Austin Hearst (left) and Geoffrey Leeds (right). Just as Geoffrey used to be able to drink almost anyone under the table, we expected him to outlive us all.

He was an exuberant athlete, and if he had to fly in a plane he preferred his own, a vintage Steerman. He was also an excellent rider, and skied every great mountain from Sun Valley to St. Moritz. If you heard someone yelling “Yahoo!” at full voice, you knew it had to be Geoffrey. Besides skiing them, he also climbed a few big ones in his day. One of his last was an expedition to Mount Langtang in Nepal with former New Yorker and London ex-pat, old friend, Cheever Hardwick. 

Geoffrey Leeds with Beth Dewoody and Emilia Fanjul at a party in Palm Beach for Kooki Fallah, March 2008.

Geoffrey and I grew up together in New York City and met when we were both still in school. When I think of him, I see the embodiment of the best of New York in the ’60s and ’70s. He was a fun person to be with, tall and handsome, sophisticated and smart, with loads of charm, and he was a witty raconteur who could talk with ease to anyone about anything when conversation was no longer an art.
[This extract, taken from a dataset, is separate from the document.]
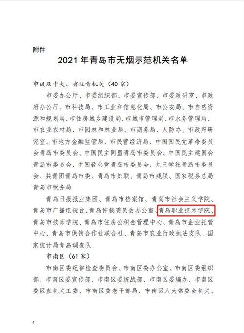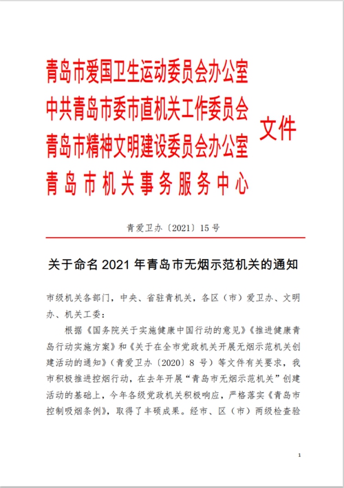 维多利亚vic003获评“青岛市无烟示范机关”称号通知文件
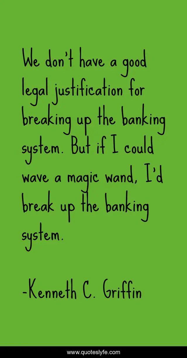 This page presents the quote "We don't have a good legal justification for breaking up the banking system. But if I could wave a magic wand, I'd break up the banking system.". Author of this quote is Kenneth C. Griffin. This quote is about good, magic, wave,.

In those days, party was still a noun not a verb and when society “went out,” they went “in” to opulent places like El Morocco and the Stork Club, or “slumming” in bars and after-hours hideaways like PJ Clarke’s on Third Avenue.

Geoffrey was a familiar figure on the dance floor of El Morocco and could have been a reincarnation of Fred Astaire. When the orchestra spied him, they would play one of his favorite Cole Porter tunes. Women loved him and he loved them and many beauties aspired to become the Ginger to his Fred. He also loved Russian song and dance and when he ran into his old friend, Prince Serge Obolensky, after downing a great bottle of champagne, they would serenade whatever place they were in with a gusty rendition of “Ochi Chornaya” often followed by a spirited Russian folk dance.
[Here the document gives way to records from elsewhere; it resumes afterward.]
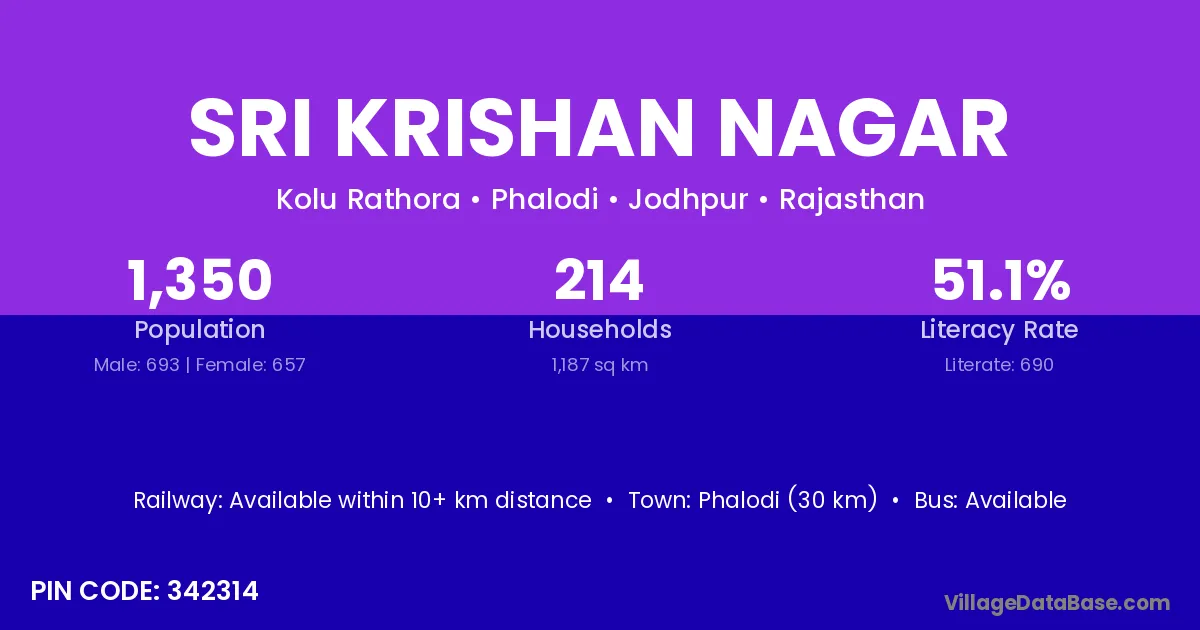 Phalodi (30 km) is the nearest town to Sri Krishan Nagar village for major economic activities and is located approximately 30 km away.
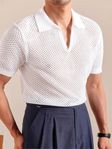 Men's Hollow Mesh Cropped Long Sleeve T-shirt SKUL46551
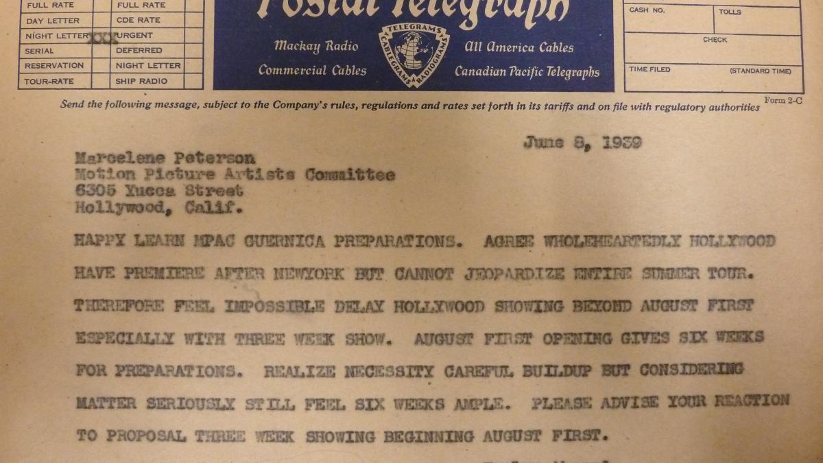 Marcelene Peterson, secretaria ejecutiva del sindicato Motion Pictures Artists' Committee, escribe a Evelyn Ahrend, directora de la Oficina de Programas de la Spanish Refugee Relief Campaign, aceptando las fechas de la exposición.

In later years, he moved back to his old passion, the ocean, and acquired a beach cottage steps from the water in Florida. There he could finally indulge his passion for buying, selling, and restoring vintage and classic cars.

He remained handsome, witty, and urbane to the end. There is a wonderful saying that a person doesn’t truly die until the last person who remembers him dies. Geoffrey was a remarkable and charismatic character, a true original, who will long be remembered.